▸ TASK DIRECTIONS: This task calls for every entry below to be repeated exactly, without the pictures.

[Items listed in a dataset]
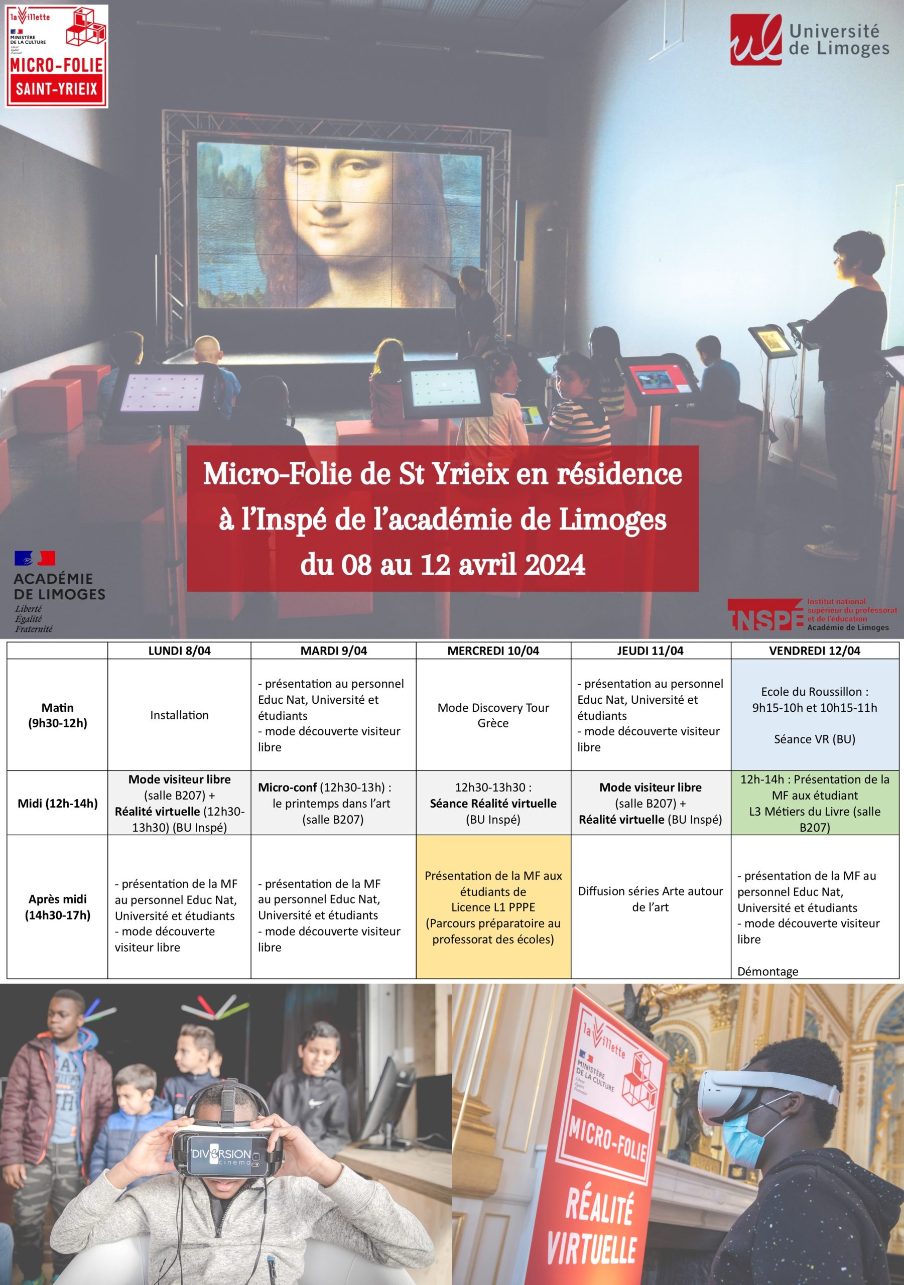 - Le programme de cette Micro-Folie est disponible sur le site internet de l’Inspé à l’adresse suivante : https://www.inspe.unilim.fr/2024/04/03/%f0%9f%96%bc%ef%b8%8f-micro-folie-a-linspe-de-limoges/
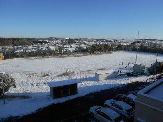 雪がたくさん降って、校庭が一面銀世界になりました。
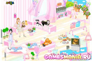 Посоветуйте трем подружкам, как правильно и функционально можно расставить данные вещи. Необходимо соблюсти три основных правила. Первое – это комфорт, второе – полезность или функционал, и третье – эстетика или попросту красота. Все предметы передвигаются посредством мышки и ставятся в любую точку комнаты. Начнем с расстановки мягкой мебели: диванов, кресел, лежанок. Разграничим пространство с помощью прозрачных перегородок. Постелем ковры, прибьем навесные полки. Они пригодятся для хранения на них собачьих кормов, шампуней. Расставим столы, завесим шторки. Украсим комнату воздушными шариками и цветами.
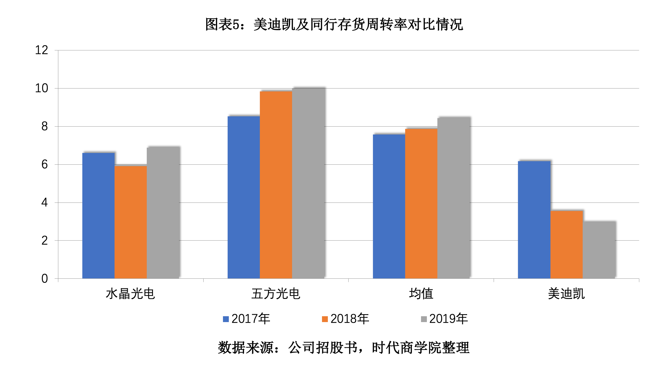 时代商学院翻阅资料后得到了否定的答案。报告期内,美迪凯存货周转率分别为6.18、3.56、2.96,呈持续下滑态势。同期,行业均值分别为7.57、7.87、8.44,逐年稳步增长。简单计算发现,2019年美迪凯的存货周转率仅为同行的1/3。
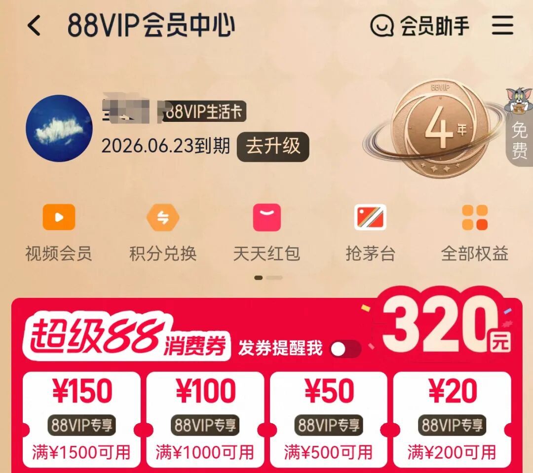 淘寶88VIP目前有生活卡、購物卡、全能卡三種方案,淘氣值1000分以上生活卡、購物卡爲88元/年;全能卡爲168元/年。

▸ TASK OUTPUT:
 - Le programme de cette Micro-Folie est disponible sur le site internet de l’Inspé à l’adresse suivante : https://www.inspe.unilim.fr/2024/04/03/%f0%9f%96%bc%ef%b8%8f-micro-folie-a-linspe-de-limoges/
 雪がたくさん降って、校庭が一面銀世界になりました。
 Посоветуйте трем подружкам, как правильно и функционально можно расставить данные вещи. Необходимо соблюсти три основных правила. Первое – это комфорт, второе – полезность или функционал, и третье – эстетика или попросту красота. Все предметы передвигаются посредством мышки и ставятся в любую точку комнаты. Начнем с расстановки мягкой мебели: диванов, кресел, лежанок. Разграничим пространство с помощью прозрачных перегородок. Постелем ковры, прибьем навесные полки. Они пригодятся для хранения на них собачьих кормов, шампуней. Расставим столы, завесим шторки. Украсим комнату воздушными шариками и цветами.
 时代商学院翻阅资料后得到了否定的答案。报告期内,美迪凯存货周转率分别为6.18、3.56、2.96,呈持续下滑态势。同期,行业均值分别为7.57、7.87、8.44,逐年稳步增长。简单计算发现,2019年美迪凯的存货周转率仅为同行的1/3。
 淘寶88VIP目前有生活卡、購物卡、全能卡三種方案,淘氣值1000分以上生活卡、購物卡爲88元/年;全能卡爲168元/年。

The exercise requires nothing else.